# Required action:
Starting at the line that contains "Ржавый большой топор", repeat each line of the listing below through the last one, exactly, and leave out every picture.
── Given information ──
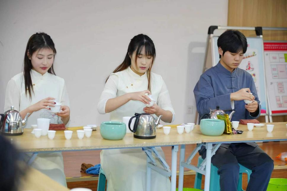 志愿者们示范茶艺展示全过程
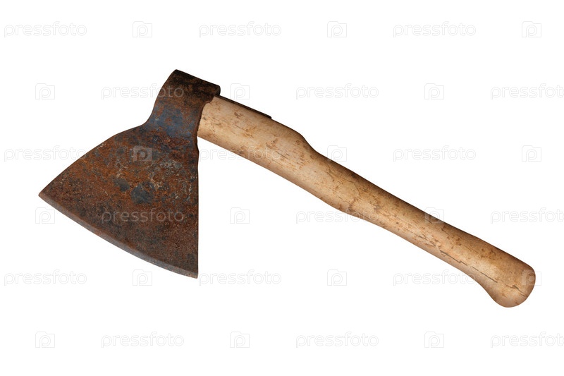 Ржавый большой топор на изолированном белом фоне
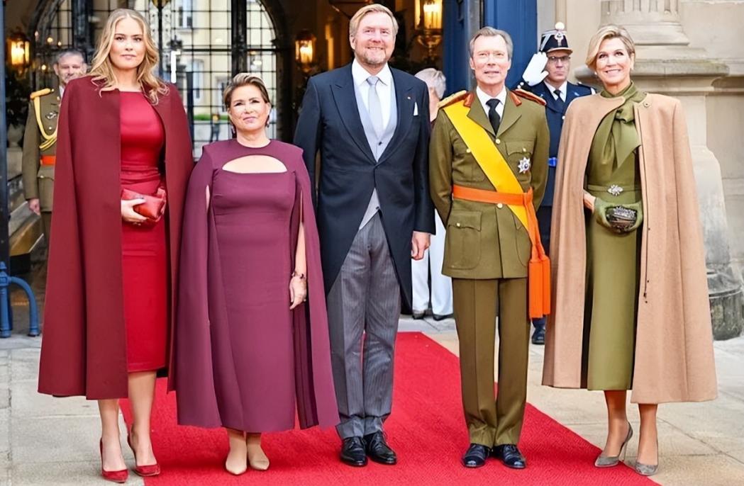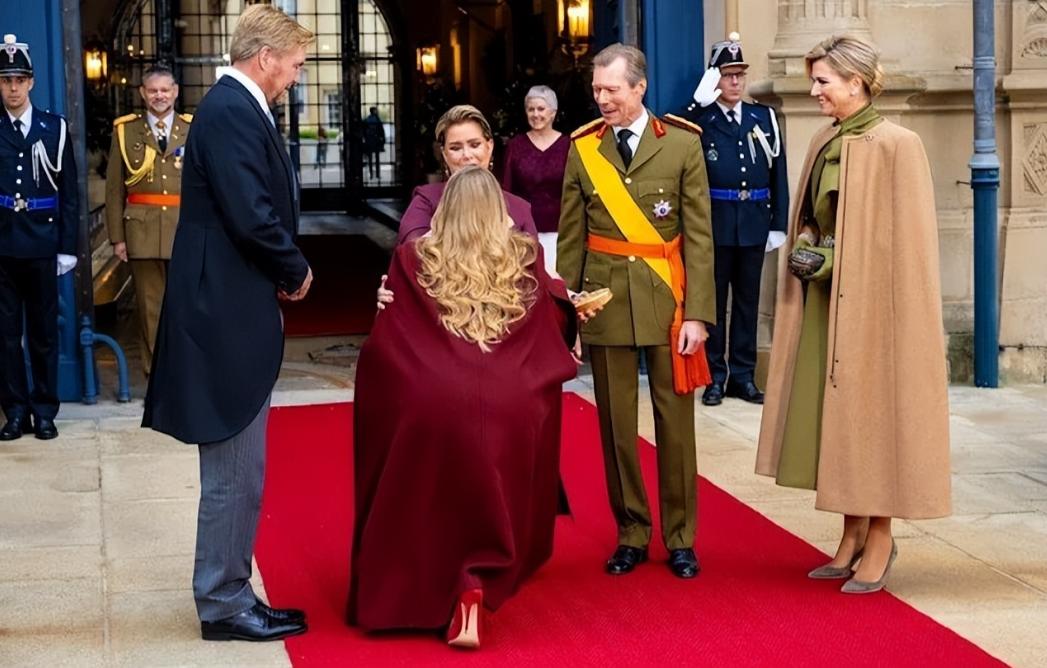 荷兰女王储阿玛莉亚向彼时还是大公夫人的特雷莎行屈膝礼,背影照美翻了!她是荷兰未来女王,身份地位尊贵,不过她还没有继承王位,并不是女王,也需要行屈膝礼。 10月3日她到卢森堡参加卢森堡大公的退位仪式与新大公的继位典礼,见到还是大公夫人的特雷莎屈膝行礼,摄影师拍到了女王储的背影,一头波浪卷发自然垂落在背上,美极了! 行礼后就是合影环节,没想到荷兰女王储的个头瞩目,居然比特雷莎高出那么多,还有穿着斗篷披风的造型也加分,尽显准女王气场。
───
# Reply:
 Ржавый большой топор на изолированном белом фоне
 荷兰女王储阿玛莉亚向彼时还是大公夫人的特雷莎行屈膝礼,背影照美翻了!她是荷兰未来女王,身份地位尊贵,不过她还没有继承王位,并不是女王,也需要行屈膝礼。 10月3日她到卢森堡参加卢森堡大公的退位仪式与新大公的继位典礼,见到还是大公夫人的特雷莎屈膝行礼,摄影师拍到了女王储的背影,一头波浪卷发自然垂落在背上,美极了! 行礼后就是合影环节,没想到荷兰女王储的个头瞩目,居然比特雷莎高出那么多,还有穿着斗篷披风的造型也加分,尽显准女王气场。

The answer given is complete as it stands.